Aim of the task
Look in the data below for the line that has "Dodaj odrobinę jesiennego", then print exactly every line from there through the line that has "Γυάλινο βάζο κύλινδρος", leaving pictures out.

======== Task material

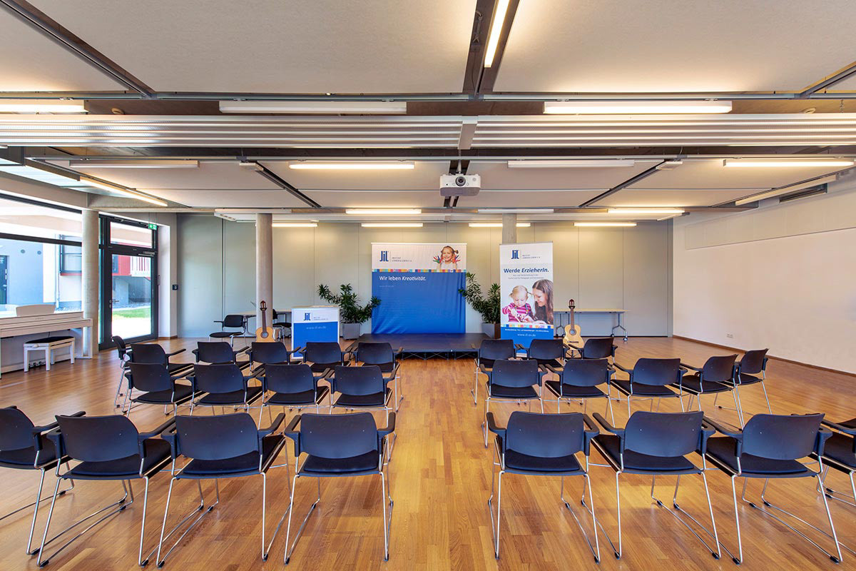 Der Bildungscampus besteht aus mehreren Baukörpern, die in unterschiedlichen Bauabschnitten im laufenden Betrieb geplant und gebaut wurden. Insgesamt sind bereits vier Neubauten auf dem Campus in Bentwisch sowie eine Energiezentrale (BHKW) entstanden und ein weiteres Bauvorhaben befindet sich in Planung. Der erste Neubau, ein Unterrichtsgebäude, wurde 2016 eingeweiht, 2017 wurde das Logistikzentrum fertiggestellt. Hier sind Räumlichkeiten zur Speisenversorgung und neue Büros, Verwaltungs- und Personalbereiche entstanden. Im Juni 2019 wurde der Standort um noch ein zusätzliches Unterrichts-und Bibliotheksgebäude erweitert. In naher Zukunft wird der Bau des ergänzendes Hörsaalgebäudes mit Büro- und Archivbereichen beginnen, die zugehörige AFUPlanung hat unser Büro bereits abgeschlossen. Auch zukünftig sind noch weitere Ergänzungen möglich. Die Freianlagen des neuen Campus sind, in Anlehnung an englische Landschafts-Parks, als weitläufige fließende Grünanlagen mit einem See und heimischen Gehölzen geplant.
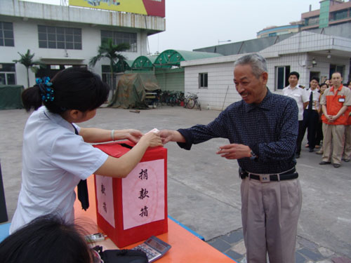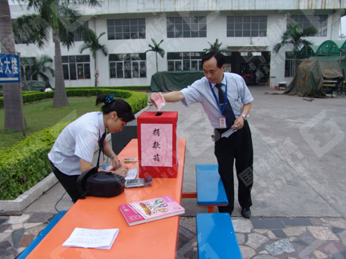 5月17日下午17时,广州市国砚实业发展有限公司、广州市华体会体育设备制造有限公司在公司总部举行了为四川地震灾区献爱心的捐款活动。公司近100名干部员工积极踊跃地为灾区人民进行了募捐。
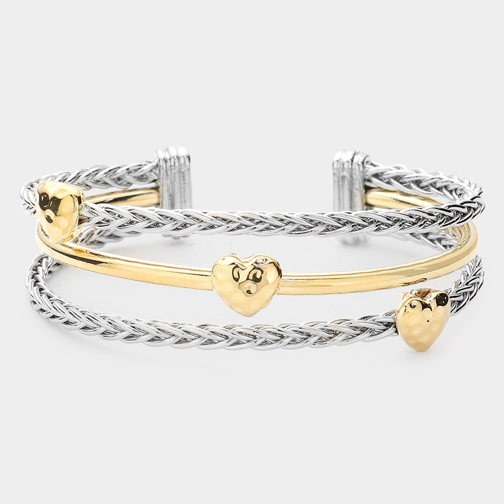 14K Gold Plated Hammered Metal Heart Split Cuff Bracelet
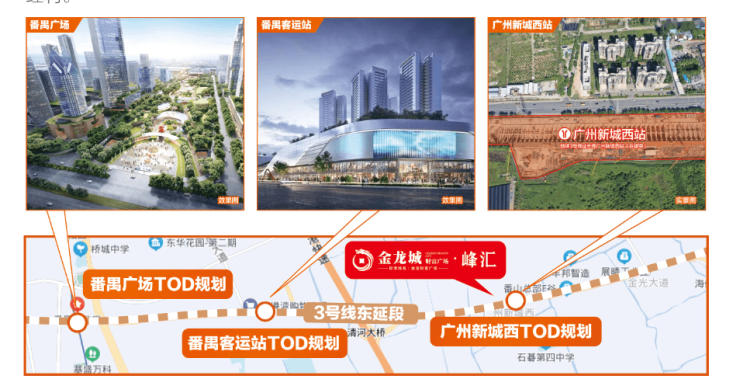 金龙城财富广场位于三号线东延段广州新城西站旁,广州新城西站将以TOD“轨道+产业+社区”的模式开发,同时坐享番禺客运站TOD、番禺广场TOD红利。从项目广州新城西站出发,2站番禺广场、3站万博CBD,3站珠江新城CBD(换乘18号快线)、3站南沙自贸区、4站广州南站。
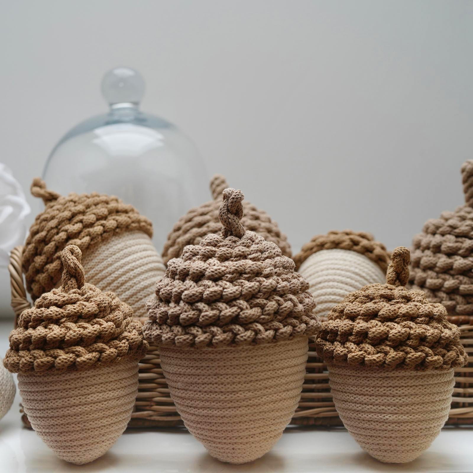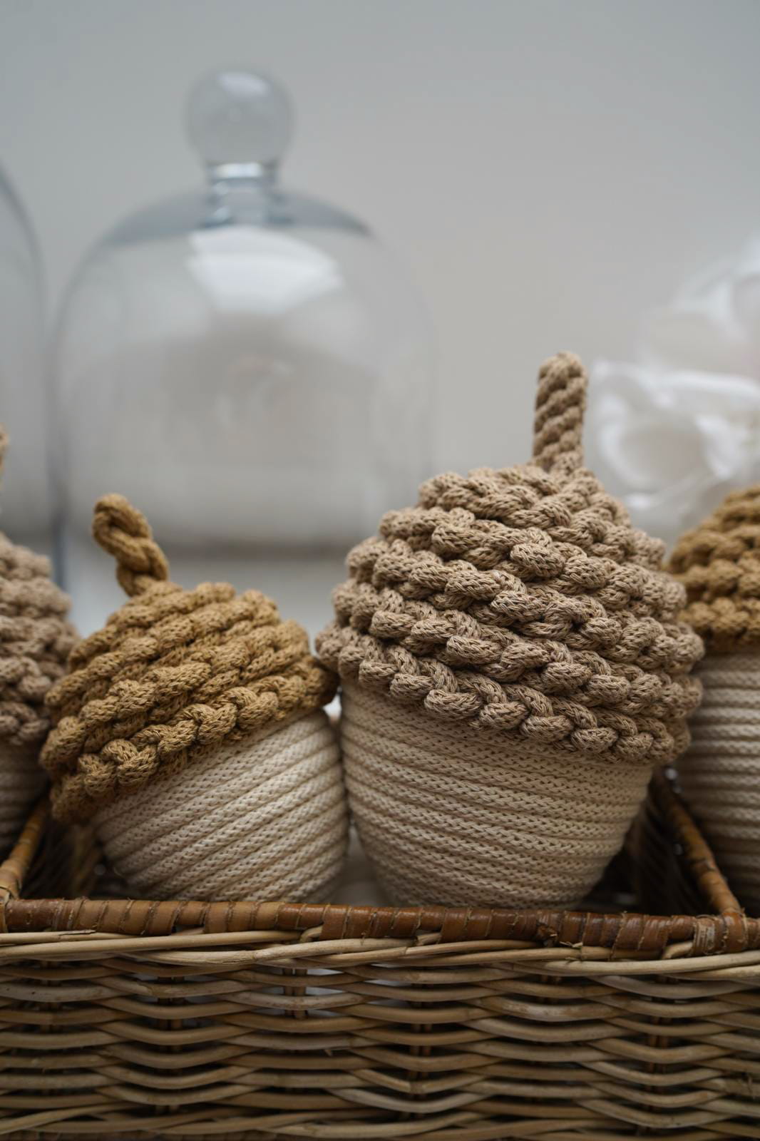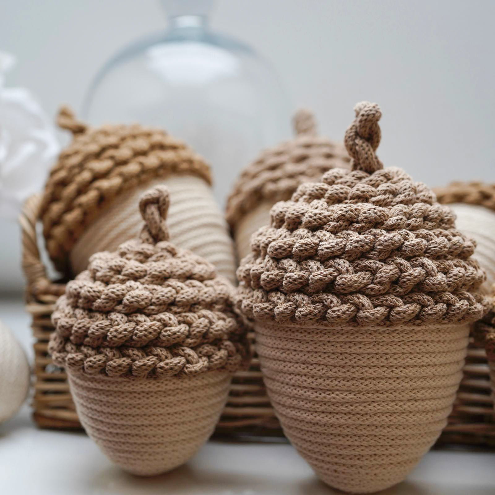 Dodaj odrobinę jesiennego uroku do swojego wnętrza dzięki tym ręcznie wykonanym ozdobnym żołędziom ze sznurka w delikatnym kremowym kolorze. Każdy żołądź to efekt pracy z naturalnych materiałów, które tworzą wyjątkową atmosferę.
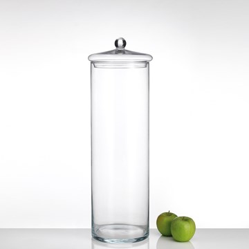 Γυάλινο βάζο κύλινδρος με καπάκι από φυσητό γυαλί. Αποτελεί ιδανική επιλογή για event καθώς αναδεικνύει τα τρόφιμα και συγχρόνως διακοσμεί τον χώρο δεξίωσης ή μαζικής εστίασης. Μπορεί, επίσης, να χρησιμοποιηθεί για τους ίδιους λόγους και στον προσωπικό σας χώρο.
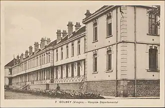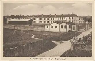 En 1912 sont créés deux hospices départementaux : celui de Châtel pour les femmes et celui d'Autrey pour les hommes. Un hôpital militaire est créé à Golbey au commencement de la Première Guerre mondiale. Au début des années 1930, les trois établissement fusionnent et concentrent leur activité sur le seul site de Golbey. L'établissement est réquisitionné par l'armée pendant la Seconde Guerre mondiale. Les 400 pensionnaires sont renvoyés au séminaire d'Autrey entre et . Toutefois, l'établissement est de nouveau réquisitionné en 1944, cette fois-ci par la Wehrmacht. L'établissement redeviendra, à l'après-guerre, un hospice pour les personnes âgés et démunies ainsi qu'un foyer départemental de l'enfance intégrant une pouponnière[17].

================

Solution to the exercise
 Dodaj odrobinę jesiennego uroku do swojego wnętrza dzięki tym ręcznie wykonanym ozdobnym żołędziom ze sznurka w delikatnym kremowym kolorze. Każdy żołądź to efekt pracy z naturalnych materiałów, które tworzą wyjątkową atmosferę.
 Γυάλινο βάζο κύλινδρος με καπάκι από φυσητό γυαλί. Αποτελεί ιδανική επιλογή για event καθώς αναδεικνύει τα τρόφιμα και συγχρόνως διακοσμεί τον χώρο δεξίωσης ή μαζικής εστίασης. Μπορεί, επίσης, να χρησιμοποιηθεί για τους ίδιους λόγους και στον προσωπικό σας χώρο.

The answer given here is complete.